**What to work on:** Your answer should contain only the lines from the top of the data below down through the one with "SAXA Franz Beckenbauer", transcribed exactly and without pictures; please include nothing more.

**Given information:**
==========

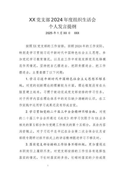 / 党建原创:20250008 XX党支部2024年度组织生活会个人发言提纲
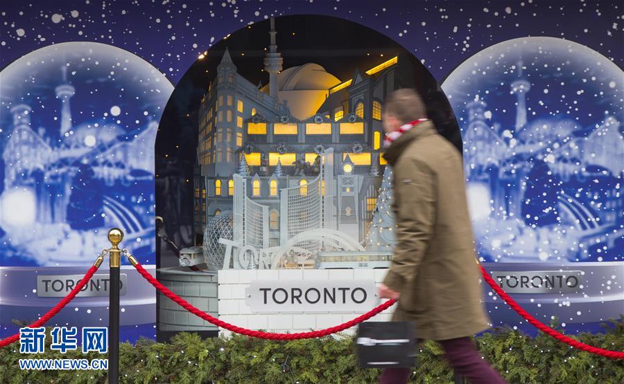 12月11日,在加拿大多伦多,一名行人经过海湾百货公司旗舰店新布置的圣诞橱窗。
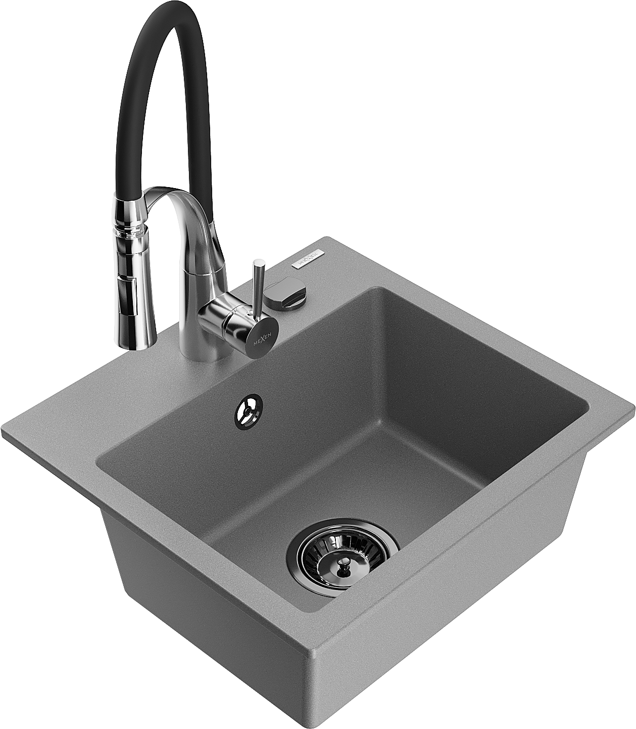 Mexen Milo chiuvetă de granit cu 1 compartiment cu baterie de bucătărie Aster, gri - 6505-71-73450-07-B
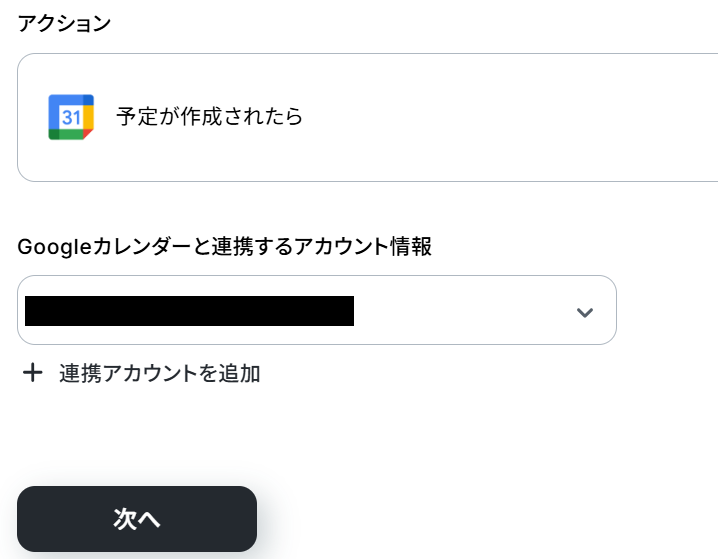 Googleカレンダーと連携するアカウント情報に誤りが無いか確認し、「次へ」ボタンをクリックしましょう。
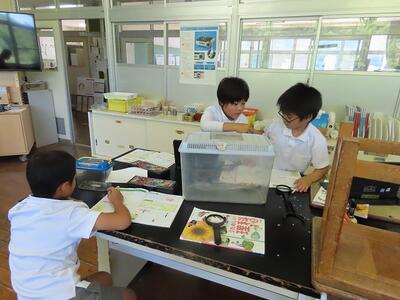 5年生は理科の時間に、6年生は国語の時間に、学習リーダーを中心にそれぞれ学び合っていました。
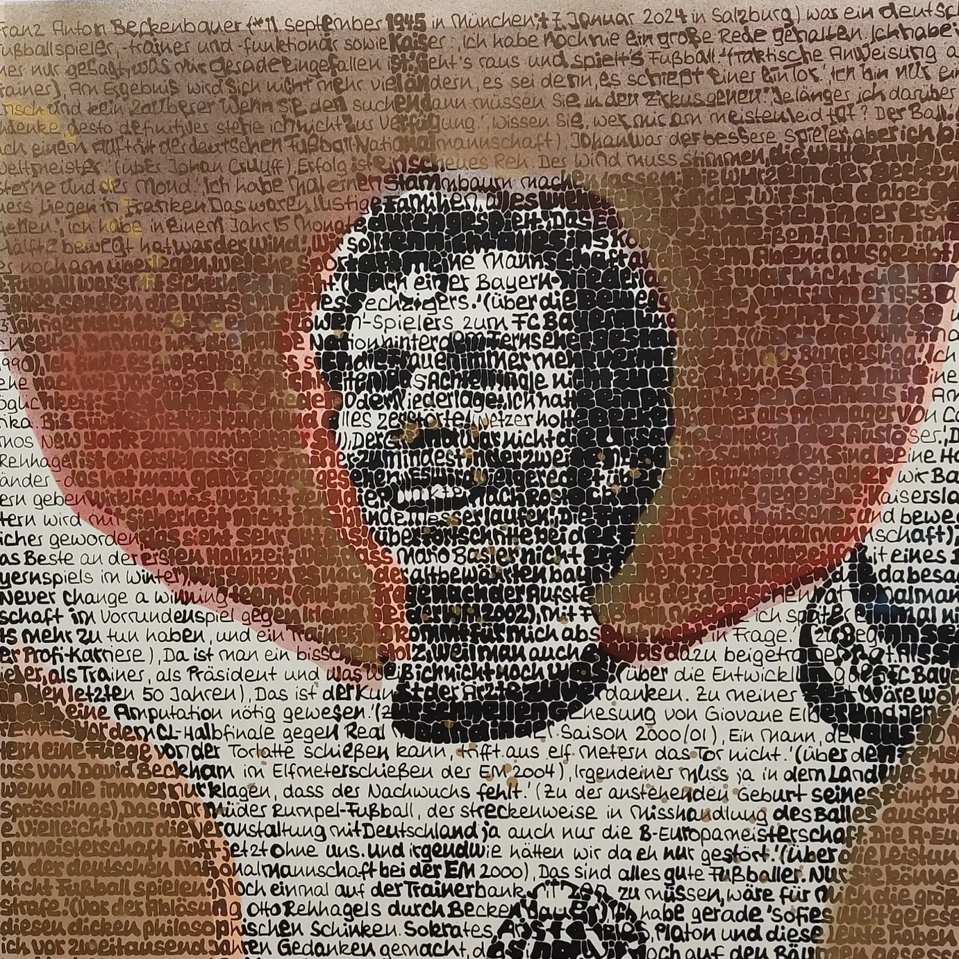 SAXA Franz Beckenbauer - Lichtgestalt Mixed Media/Pigmentdruck auf Karton je 20 x 20 cm signiert und datiert Overpainting
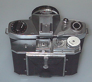 左は127フィルムを使うミニヨンII型。1939年に発売され、戦後も作られた4×5判カメラである。レンズはトーコー・アナスチグマット6cm f3.5で、シャッターは精工舎のリヒトが装着されている。巻上げがI型後期のモデルから自動巻き止めになり、ファインダーもニュートン式が装着された。 背面には月ごと・撮影条件ごとのおおよその露出換算表が貼り付けられ、これをケースの裏側の一部分を倒してすぐに見られるようにしているのは親切である。といっても、シャッタースピードがB・T・25・50・100しかない上、当時のフィルム感度を考えるとおのずと撮影場面は決まってきそうではある。 このカメラの最大の特徴はフィルムを軍艦部を外した上面から入れてセットすることである。私が初めに手にした時は一体どうやってフィルムを装着するのか悩んだが、まさか上から入れるとは思いもよらなかった。正面から見てファインダーの左にあるボタンをスライドさせて取り外すようになっている。 軍艦部のみならず、各部にレバーやボタンが付けられ、ワンタッチでファインダーや正面のカバーなどが開くようになっている。 巻上げは初めに背面の赤窓でスタート点を合わせ、以降軍艦部後部のボタンを一度チェックしてストップするまでダイヤルを回せば自動巻き止めになる。 |
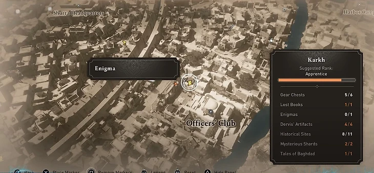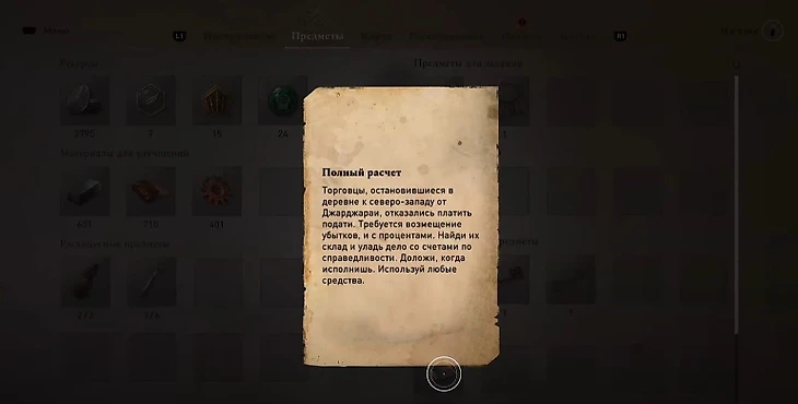 Загадки – небольшие головоломки, спрятанные по всей карте в Assassin’s Creed Mirage, всего их 12 штук. Проходя их, вы найдете краски для определенной одежды или талисманы. Чтобы пройти загадку «Полный расчет» вам потребуется уйти глубоко в пустыню – лучше заранее найти скакуна, поскольку бег займет слишком много времени. Она находится в регионе Карх.

==========

**Solution to this task:**
 / 党建原创:20250008 XX党支部2024年度组织生活会个人发言提纲
 12月11日,在加拿大多伦多,一名行人经过海湾百货公司旗舰店新布置的圣诞橱窗。
 Mexen Milo chiuvetă de granit cu 1 compartiment cu baterie de bucătărie Aster, gri - 6505-71-73450-07-B
 Googleカレンダーと連携するアカウント情報に誤りが無いか確認し、「次へ」ボタンをクリックしましょう。
 5年生は理科の時間に、6年生は国語の時間に、学習リーダーを中心にそれぞれ学び合っていました。
 SAXA Franz Beckenbauer - Lichtgestalt Mixed Media/Pigmentdruck auf Karton je 20 x 20 cm signiert und datiert Overpainting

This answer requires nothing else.